« L’actuel syndicat porte bien le même nom, mais c’est quelque chose de totalement différent de Solidarité des années 1980-1981 », explique l’opposant historique au stalinisme, le médiéviste Karol Modzelewski, dans l’édition polonaise du Monde diplomatique de décembre 2006. « Cet autre Solidarité, c’était un mouvement sans précédent et sans antécédent dans l’histoire, car il se fondait sur une explosion de l’activité de masse de très longue durée - près d’un an et demi - et sur le fait que cette masse de gens - le mouvement syndical regroupait 9,4 millions membres, selon les statistiques du congrès - s’est organisée pour l’action sans aucun schéma imposé d’en haut.
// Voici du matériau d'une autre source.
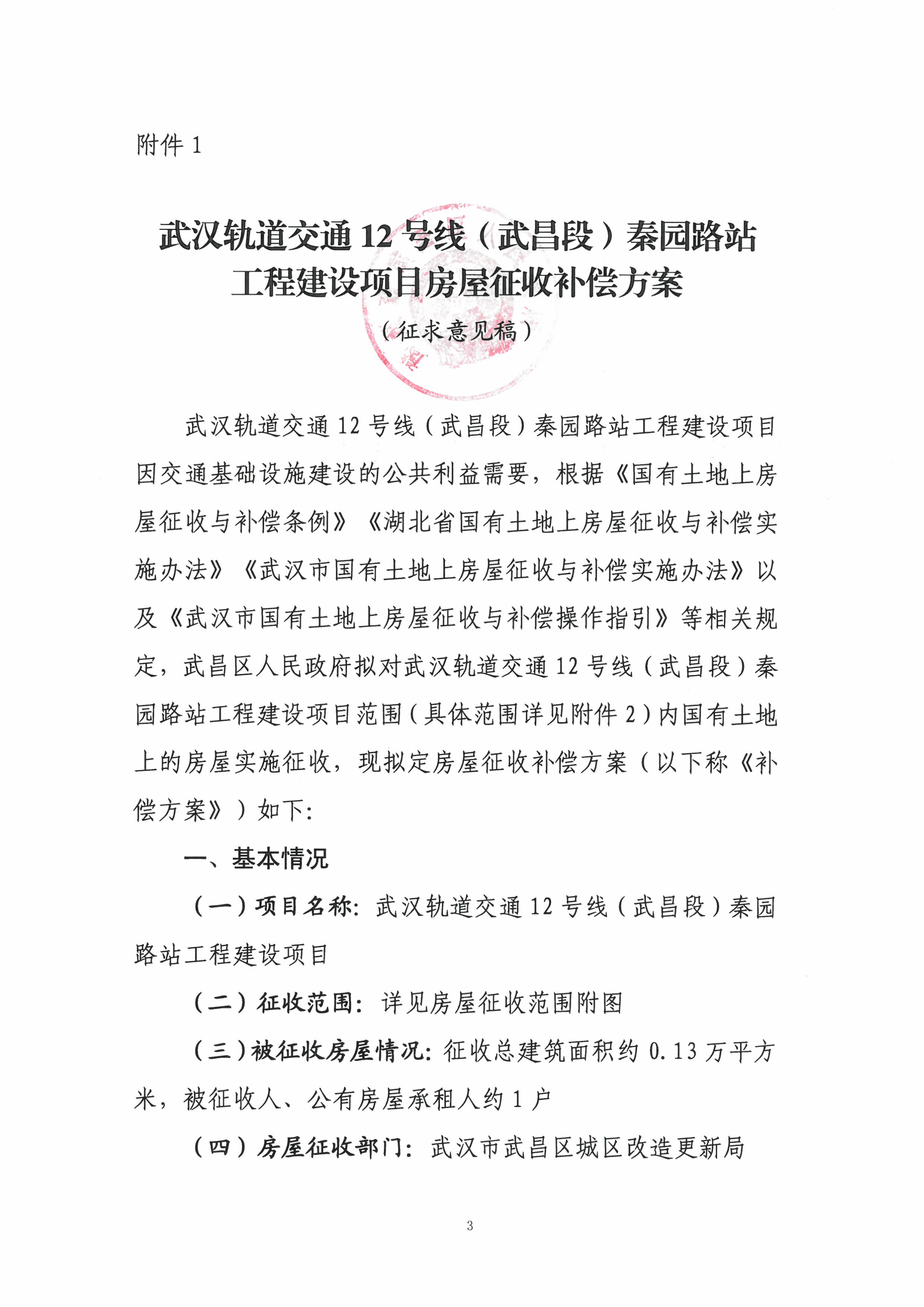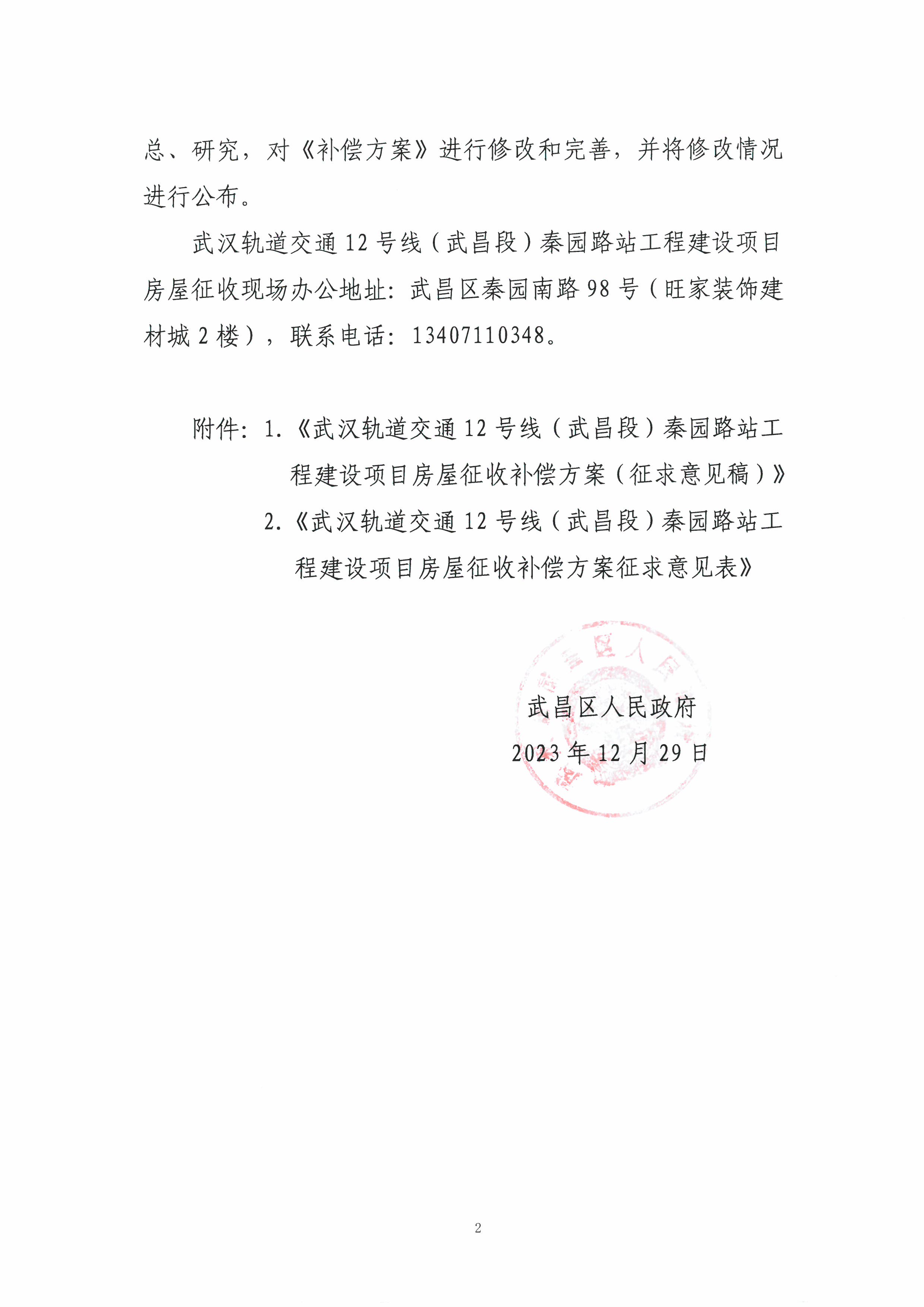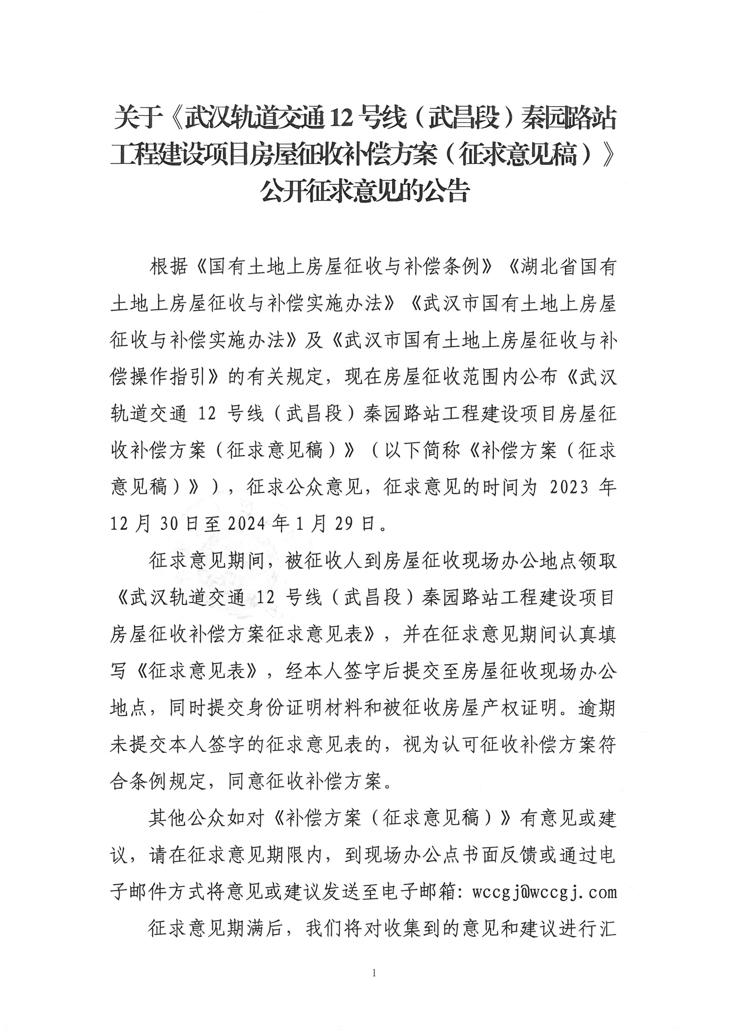 关于《武汉轨道交通12号线(武昌段)秦园路站工程建设项目房屋征收补偿方案(征求意见稿)》公开征求意见的公告

Avant d’obtenir sa légalisation, plus de 700 000 personnes ont fait grève et se sont organisés eux-mêmes. »
Solidarité d’aujourd’hui se réclame de la droite, aspire à un « capitalisme véritable », brise les grèves (récemment celle des facteurs), s’aligne sur un gouvernement profondément réactionnaire... L’autre Solidarité était aux antipodes. Modzelewski poursuit : « Bien qu’il n’avait pas d’idéologie clairement déterminée, il adhérait à un système de valeurs, qui prenait sa source dans la pratique démocratique radicale quotidienne de coopération massive pour le construire. Parmi ces valeurs, l’égalitarisme jouait le premier rôle, compris politiquement (en tant que démocratie directe) et économiquement. C’était un mouvement égalitaire, communautaire et attaché à la démocratie directe construite spontanément. »
Dans cette société, qui avait aboli la propriété capitaliste des moyens de production, l’auto-activité des travailleurs dessinait alors les contours d’une véritable transition vers le socialisme, permettant que la production soit prise en main par les producteurs eux-mêmes et que l’emploi du surproduit social soit démocratiquement décidé par tous et cesse d’être le privilège d’une élite. La caricature de la « planification » à la mode stalinienne - la tentative condamnée à l’échec de produire sans se préoccuper de la satisfaction des besoins de la population et sans même tenter de les connaître - aurait ainsi pu être remplacée par des rapports de production collectivistes.
Profonde rupture
Le premier congrès de Solidarité réclamait, à l’automne 1981, « une réforme autogestionnaire et démocratique instaurant un nouvel ordre socio-économique qui liera le plan, l’autogestion et le marché ». Ce projet portait le joli nom de « République autogérée ». « Ce congrès a été l’assemblée la plus démocratique et la plus représentative du monde du travail de toute l’histoire de la Pologne, et cette résolution fut le témoignage le plus juste des aspirations des ouvriers polonais », écrit Zbigniew Kowalewski, militant de la IVe Internationale, dans Trybuna Robotnicza (6 décembre 2006), l’hebdomadaire édité par le syndicat Août 80. L’expérience polonaise ébranlait la position sociale privilégiée de la bureaucratie nationale, risquait de s’étendre à tout le bloc soviétique et pouvait servir d’exemple à tous ceux qui se révoltaient contre l’exploitation capitaliste. Le 13 décembre 1981, la bureaucratie polonaise y mit fin et, avec le coup d’État du général Jaruzelski, imposa l’état de guerre. La répression commençait : couvre-feu, chars dans les rues, armée et police envahissant les usines en grève, menaçant d’ouvrir le feu contre les grévistes et tirant contre les mineurs qui tentaient de se défendre.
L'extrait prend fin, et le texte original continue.